Given two lists of scores, we can first calculate two permutation probability distributions from them, and then calculate the distance between the two distributions as the listwise loss function. Since the number of permutations is $n!$, however, the calculation might be intractable. [^2] To cope with the problem, we consider the use of top one probability.

[^2]: It might not be intractable to use ”permutation probability” in practice due to its complexity. Permutation probability by itself, however, is a valuable notion for the studies on learning to rank and our approach.

4.2. Top One Probability

The top one probability of an object represents the probability of its being ranked on the top, given the scores of all the objects.

Definition 5 The top one probability of object $j$ is defined as

$ P_s(j) = \sum_{\pi(1)=j, \pi \in \Omega_n} P_s(\pi). $

where $P_s(\pi)$ is permutation probability of $\pi$ given $s$.

That is to say, the top one probability of object $j$ equals the sum of the permutation probabilities of permutations in which object $j$ is ranked on the top.

One may argue that in order to calculate $n$ top one probabilities, we still need to calculate $n!$ permutation probabilities. Theorem 6 shows that we can calculate top one probability in a different way, which is efficient.

Theorem 6 For top one probability $P_s(j)$, we have

$ P_s(j) = \frac{\phi(s_j)}{\sum_{k=1}^n \phi(s_k)}, $

where $s_j$ is the score of object $j, j = 1, 2, \dots, n$.

Lemma 7 Top one probabilities $P_s(j), j = 1, 2, \dots, n$ forms a probability distribution over the set of $n$ objects.

Theorem 8 Given any two objects $j$ and $k$, if $s_j > s_k, j \neq k, j, k = 1, 2, \dots, n$, then $P_s(j) > P_s(k)$.

See Appendix for a proof of Theorem 6. It is easy to verify that Lemma 7 and Theorem 8 hold.

With the use of top one probability, given two lists of scores we can use any metric to represent the distance (listwise loss function) between the two score lists. For example, when we use Cross Entropy as metric, the listwise loss function becomes

$ L(y^{(i)}, z^{(i)}) = - \sum_{j=1}^n P_{y^{(i)}}(j) \log(P_{z^{(i)}}(j)) $

5. Learning Method: ListNet

Section Summary: ListNet trains a neural network ranking model by using gradient descent to minimize a listwise loss based on top-one selection probabilities.
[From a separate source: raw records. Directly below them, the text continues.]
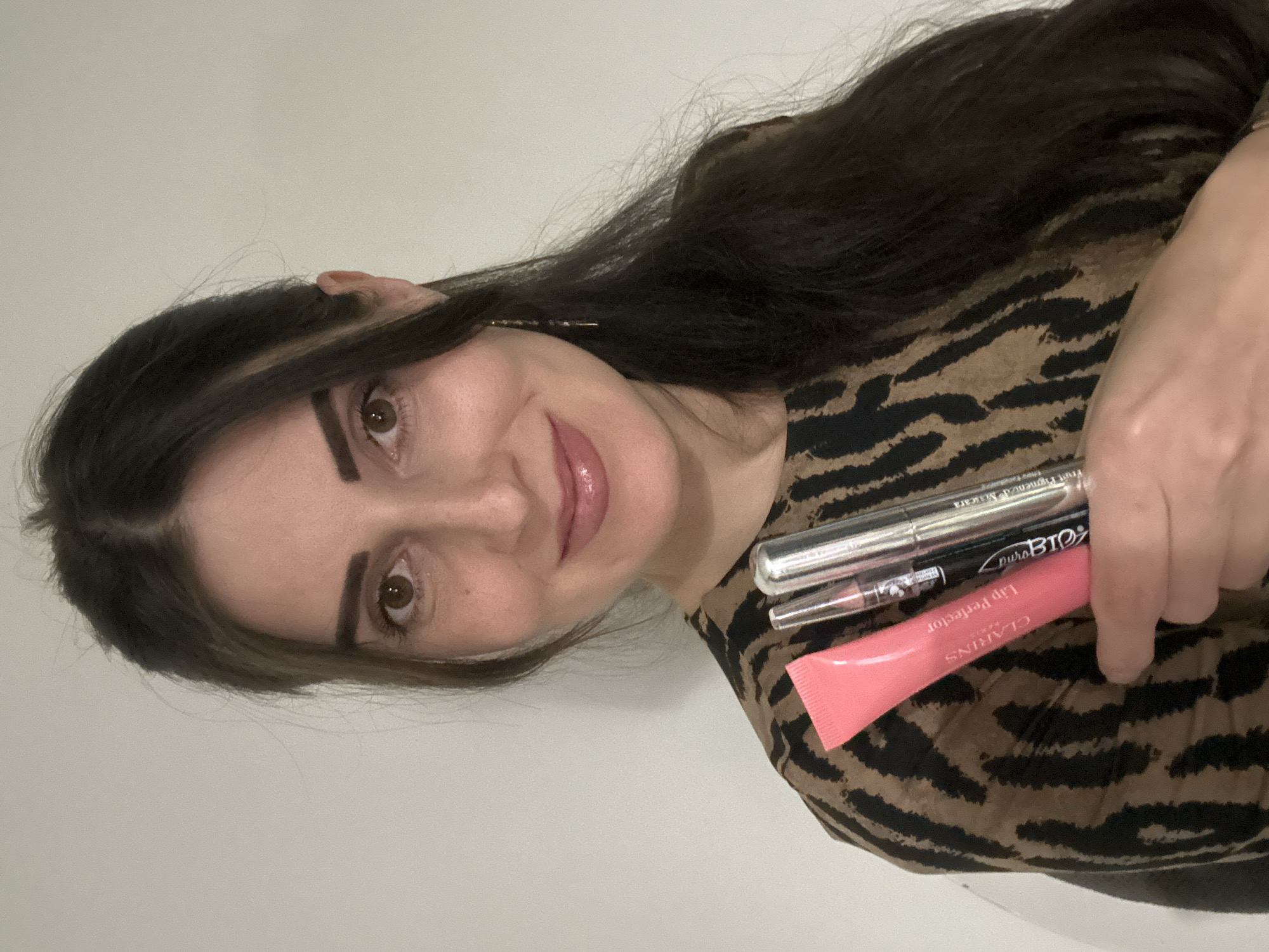 A single adult female is depicted from the chest up, centered in the frame against a plain white background. She has long, dark brown hair parted in the middle, dark eyebrows, and brown eyes. Her lips are a glossy pink, and she exhibits a closed-mouth smile while looking directly at the camera. A small, thin, golden dangle earring is visible on her right ear. She wears a garment with a brown and black animal print pattern. In her left hand, positioned below her chin and extending across her chest area, she holds three cosmetic products. From left to right, these include a pink squeeze tube labeled "CLARINS Lip Perfector," a slender silver-toned tube with a black element, and a thicker silver-toned tube with a clear section and partial black text including "BIO." The setting is an interior space with an unadorned white wall; no specific details are present to identify a location within the city of Wisła, Poland.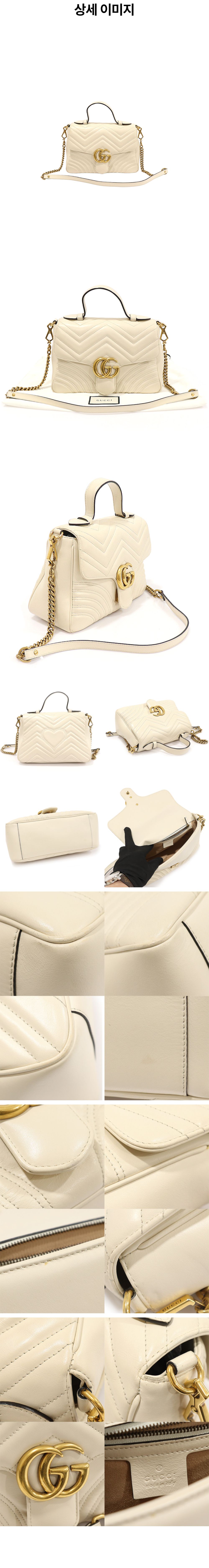 구찌 498110 화이트 마틀라세 쉐브론 금장 체인 GG 마몽 탑핸들 스몰 2WAY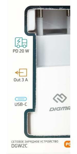 Сетевое зарядное устройство Digma DGW2C, USB-C, 20Вт, 3A, белый [dgw2c0f010wh]

For any query the network first produces scores for every document; these scores are turned into probabilities with a softmax-style transform, after which cross-entropy compares the resulting distribution against the human-provided ranking distribution. The derived gradient updates the network weights, yielding an algorithm whose per-query cost scales linearly with list length and is therefore cheaper than pairwise alternatives such as RankNet.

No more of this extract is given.